On February 26, 2020, the National Labor Relations Board issued a final rule regarding whether two entities will be considered a joint employer, restoring its pre-2015 standard, and providing greater precision, clarity, and detail by using its rulemaking power. The Board’s new rule becomes effective on April 27, 2020. To be considered a joint employer under the National Labor Relations Act, a business must possess and exercise substantial direct and immediate control over one or more essential terms and conditions of employment of another employer’s employees. In a Press Release, the Board noted that its new standard is a matter of consequence because if two entities are joint employers, both must bargain with the union that represents the jointly employed employees, both are potentially liable for unfair labor practices committed by the other, and both are subject to union picketing or other economic pressure if there is a labor dispute. In response to its request for input from the public, the Board received nearly 29,000 comments.
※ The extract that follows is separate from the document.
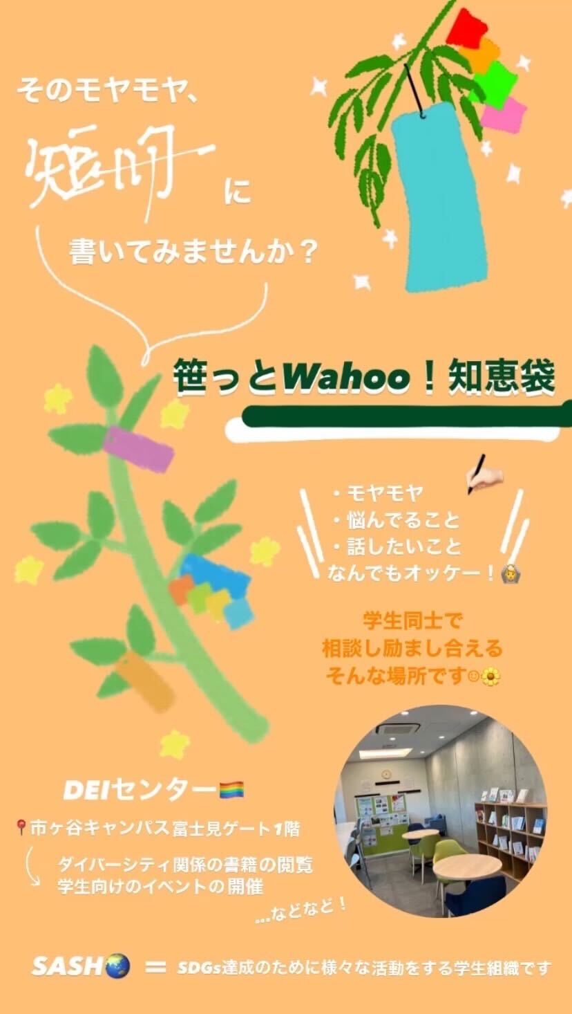 「笹っとWahoo!知恵袋」は、学生同士で気持ちを気軽に共有し合い、支え合うことを目的とした、DEIセンターと法政大学公認学生組織SASHの新たな取り組みです。

The Board’s new rule regarding joint employers comes on the heels of a final rule issued by the Wage and Hour Division of the U. S. Department of Labor on January 12, 2020, which will become effective on March 16, 2020. The DOL updated its regulations interpreting joint employer status under the Fair Labor Standards Act. Both rules narrow the scope of what defines joint employment under the NLRA and the FLSA, and both are welcome news to employers.
The law regarding “joint employer” status is less clear under California law, however, where the Supreme Court in Vazquez v. Jan-Pro Franchising issued an order on February 27, 2020, rejecting the parties’ request to consider whether the Court’s Dynamex “ABC test” should be used to determine if two or more businesses are joint employers.